Dear John,
I often look back on my life and think of all the regrets I have. There’s a list of things I wish I had done instead of what I actually did. What can I do to let go of the past and accept that I cannot change it?
From,
Stuck in the Past
Dear Stuck in the Past,
Thank you for writing in. I think most of us have thought about our personal histories in the way you describe and, indeed, the facts of the past are not something we can change. However, we can improve our relationship to how we currently hold ourselves and our history, and this is what we will focus on here.

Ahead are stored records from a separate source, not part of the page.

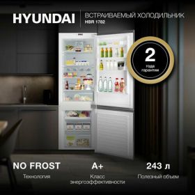 Hyundai HBR 1782 – это вместительный встраиваемый холодильник, полезный объём которого составляет 243 литра, то есть его свободного пространства хватит для хранения пищи на целую семью. Прибор оснащён двумя камерами – холодильной (сверху) и морозильной (снизу). Оба отделения устройства эргономично обустроены. Три полки из закаленного стекла в верхней части можно переставлять для своего удобства, для напитков присутствует отдельная зона в двери, а морозилка разделена на три ящика. Причём верхний в ней легко выдвигается и служит для быстрого доступа к продуктам.
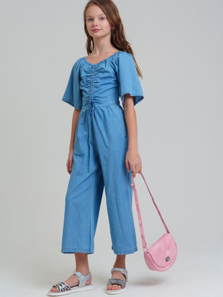 Джинсовый комбинезон для девочки подростка. Приталенный силуэт. 100% хлопок. Без застежек. Спинка с эластичной резинкой. Брюки - кюлоты.
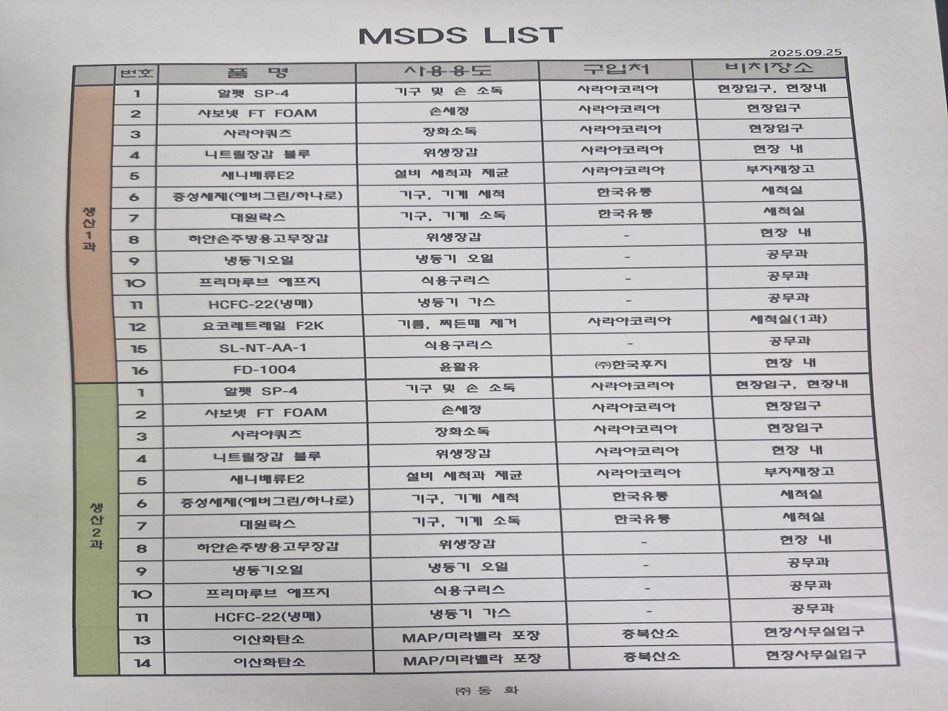 2. 보관/사용 대기 중인 원료 등의 식별표시가 적정한가(반제품, 공정품 포함)
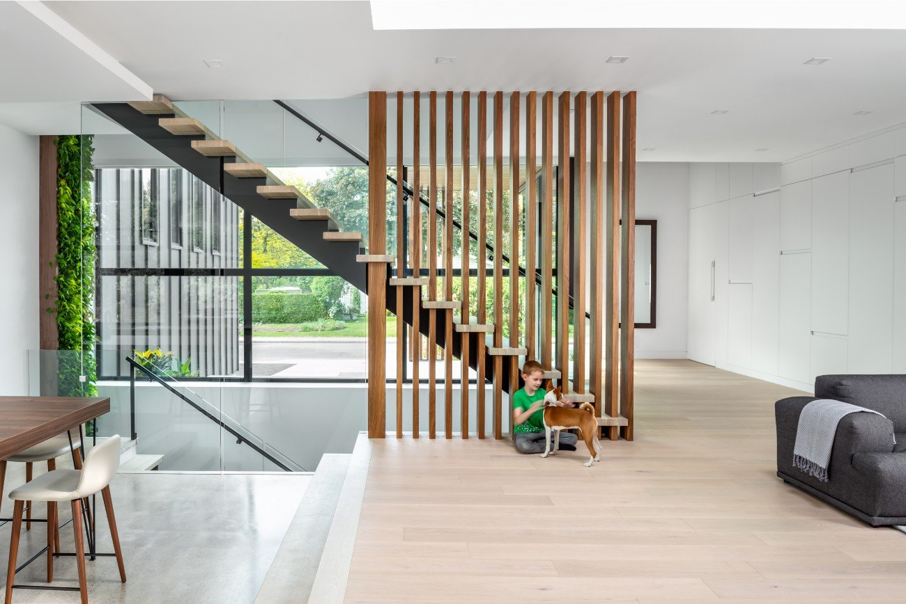 Atop the Hamilton Escarpment, SMPL Design and builder DB Custom Homes have overcome both, creating a pared-back family home whose expressiveness is derived from its balance of simple geometries. “We wanted the form to speak for itself,” says Tanner. “We feel that the way to do that was in the simplification of the material palette.” And so, poured and polished concrete, hardwood, glass and steel stitch the home’s constituent forms together and wind through the interior and exterior, delineating uses throughout while contributing the necessary balance that makes the home both welcoming and refreshingly spare.
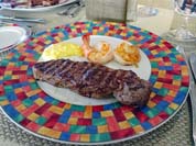 | テラスカフェの一画にあるグリルでは注文でロブスターやエビ、肉などを焼いてくれる。朝はオムレツを注文して、昼や夜はロブスターとラムチョップを焼いてもらった。プリプリのロブスターにバターをかけて食べるのがやみつきになってしまい、最初の頃は日に何度もロブスターを注文した(^_^;) |
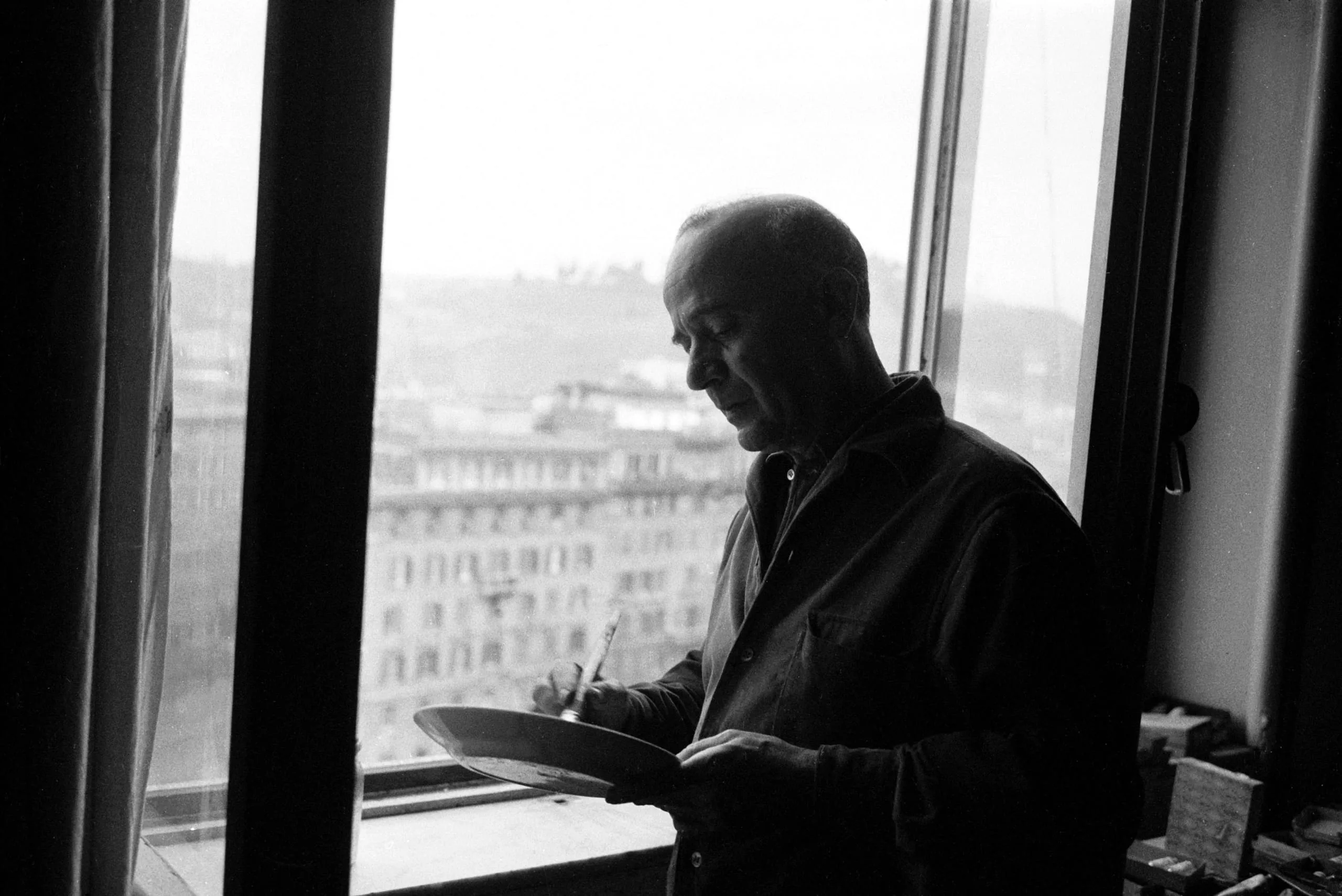 Black and white photograph of a man in silhouette holding a paint palette and brush before a large window overlooking a city skyline
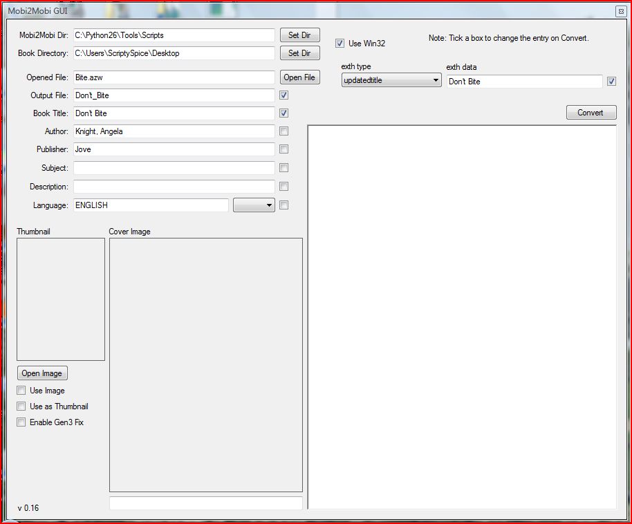 *That* was the ticket Wallcraft. The GUI now with the "exth data", works perfectly!

In reflecting on our past, we may fall into a trap known as the hindsight bias. This is our tendency to judge our past experiences from the perspective of our current knowledge and skills. This perspective can cause distress. When we apply our existing knowledge to the past, we may conclude that we should have known better or done something different to prevent the thing from happening.
This type of thinking can lead to false conclusions. These erroneous conclusions do not consider the possibility that the adverse event may have happened anyway, or at a different time. Furthermore, we must consider that most people act with their best knowledge and skill set at the time. Therefore, it is unfair to compare your past self to your current, more developed self.
Remembering and understanding this bias is a path toward making peace with the past and freeing up our energy to be intentional in the present moment. The hindsight bias sounds useful from a theoretical stance, but how can we liberate ourselves from unhelpful beliefs we have developed?
The remainder of this article describes a meditative process on how to let go through self-compassion. You will need a quiet space, a journal, and a moderate amount of time to complete this practice with integrity.
A Meditation Practice to Let Go of the Past
1. Take a few moments to quiet down and observe your breathing.
2. When you feel settled, call into attention a memory or event from your past that you feel able and ready to release.
3. When you have this event or memory in your awareness, notice how it affects you. Record what images, physical sensations, emotions, or thoughts come up for you. Typically aspects from our past that haunt us cause some physical tightening, tensing, or gripping in our muscles. You may notice changes in your breathing pattern or perhaps alterations in your heart rate.
It may be helpful to pause here and record your observations. Then, for now, allow your experience to be as it is. There is nothing to do and nowhere to go with it. For the moment, let it be.
Related: How to Meditate Anywhere
4. Inquire within yourself and determine what other significant events may have been going on in your life that may have influenced your past actions. Do this with compassion and without self-blame or judgment. When you feel that you have gathered all this data, take a moment and write it down.
5. Next, reflect on how this event may be impacting how you think about yourself. How does it change your feelings about others or your relationships with them? How does it affect your current view of the world in general? For example, does this thing that you wish you had done contribute to you believing that you are blameworthy or flawed? Do you think that others think less of you? Does this experience shift your belief that the world is mostly a benevolent place where you can have a meaningful life? Again, pause and record your reflections.
6. Once you get these written down, see if you can challenge them. A couple of helpful questions you can ask yourself include: a) Are these 100% accurate interpretations? b) Are they serving your healing or keeping you stuck? If you conclude that these are false beliefs that keep you stuck, then it is a good idea to figure out an alternative version of them.
Challenging these thoughts will enable you to begin to release them. This process can be tricky. A helpful technique comes from self-compassion teacher Kristin Neff. She suggests thinking about what you might tell a close friend if they were suffering in a similar way as you are. I invite you to enter this inquiry and see what you find. Then, when you feel ready, write the statements down.
7. When you are ready for the next stage, shift toward offering the loving and kind statements that you would say to your friend to yourself. Recite these statements to yourself while sitting in meditation. Notice how offering these more loving phrases to yourself may shift your experience in contrast to where you were at the beginning of this entire practice. Again, notice your thoughts, emotions, and the physical sensations in your body. In what ways did bringing this element of self-compassion into your practice shift your experience? Do you feel more able to release the old, habitual ways of thinking about your past and trust in your new perspective?
You will likely have to work this practice several times over and modify it in any way necessary to increase its resonance for you. Take your time and be patient and kind with yourself.
Thank you for writing in with your question. I wish you the best on this journey.